WA to axe one-third of its quarantine hotels
WA Premier Mark McGowan says three hotels at high risk of facilitating the spread of the virus between rooms will no longer be used.
Western Australia will stop using three of its nine COVID quarantine hotels in the next few weeks in response to ventilation issues that have sparked two outbreaks in recent months.
WA Premier Mark McGowan on Wednesday said the state would stop using the Four Points and Mercure Hotels — which were the origin of the state’s January and April infections respectively – by next month and start using the Novotel Langley only to quarantine seasonal workers from Tonga and Vanuatu, where no cases of COVID have been recorded.
The three hotels were identified in February as being at high risk of facilitating the spread of the virus between rooms given the nature of their ventilation systems.
Returned travellers had continued to be quarantined in the hotels over the subsequent months, with the government taking precautions such as additional PPE and the installation of portable air filters, but they will now stop being used in the wake of the latest incident.

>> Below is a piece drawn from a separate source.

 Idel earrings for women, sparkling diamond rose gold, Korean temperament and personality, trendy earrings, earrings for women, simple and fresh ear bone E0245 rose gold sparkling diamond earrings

WA has temporarily halved its intake of returned overseas travellers to 512 per week in the wake of the latest outbreak, but Mr McGowan has said the reduced intake will become permanent if the Commonwealth does not start taking additional responsibility for quarantine.

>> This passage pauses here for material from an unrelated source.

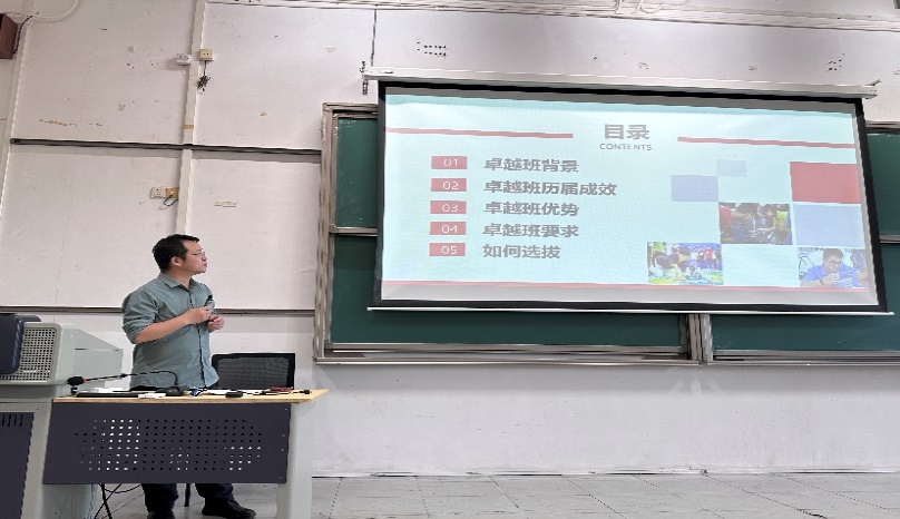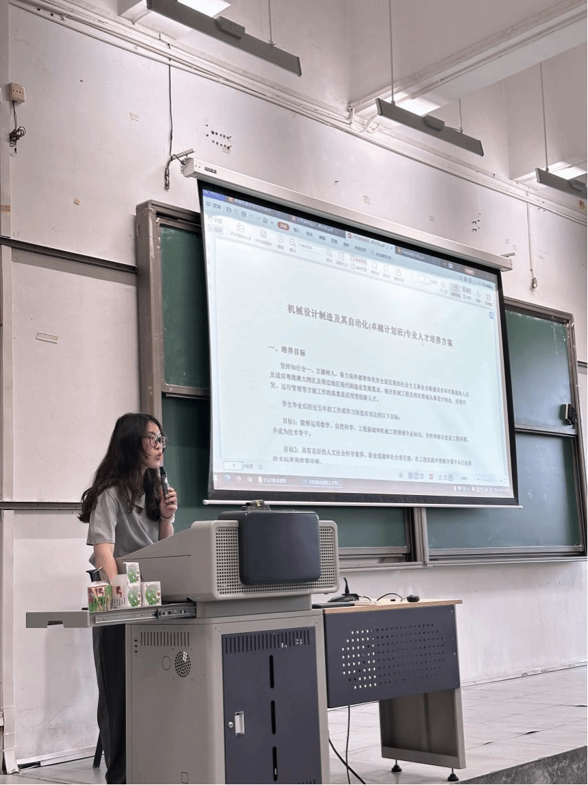 会上,张玉勋老师为了更好帮助2023级机械设计制造及其自动化专业员工深入了解机械卓越班的培养模式与优势,详细介绍了机械卓越班的“3+1”培养模式,即3年校内学习加1年企业实践,强调该模式注重理论与实践结合,由高校与企业联合培养,旨在提升员工的工程实践能力和就业竞争力。他通过往届数据对比分析和往届师兄师姐成果展示,分析了卓越班员工在专业技能、证书获取(如额外工程团队格证书)及就业前景等方面的优势,并解读了卓越班独立的培养方案与目标产出。

“Whilst they are very secure, obviously they’re not perfect and the ventilation systems there we can’t make perfect,” he said.
“We will move out of those, and that will result in a reduction in the number of people we can take into Western Australia, we will work out what that is and how many we can take.”
The news came as WA recorded another day without any cases of community spread.
Four new cases have been recorded in WA’s hotel quarantine.
Mr McGowan said WA had been taking more returned overseas travellers than any other state on a per capita basis.
“The Prime Minister was right yesterday when he said our hotel quarantine system has been 99.9 per cent secure,” Mr McGowan said.
“The problem with that 99.9 per cent is that the consequences can be dire. That’s why we are going to do everything we can to ensure we are as secure as possible in Western Australia.”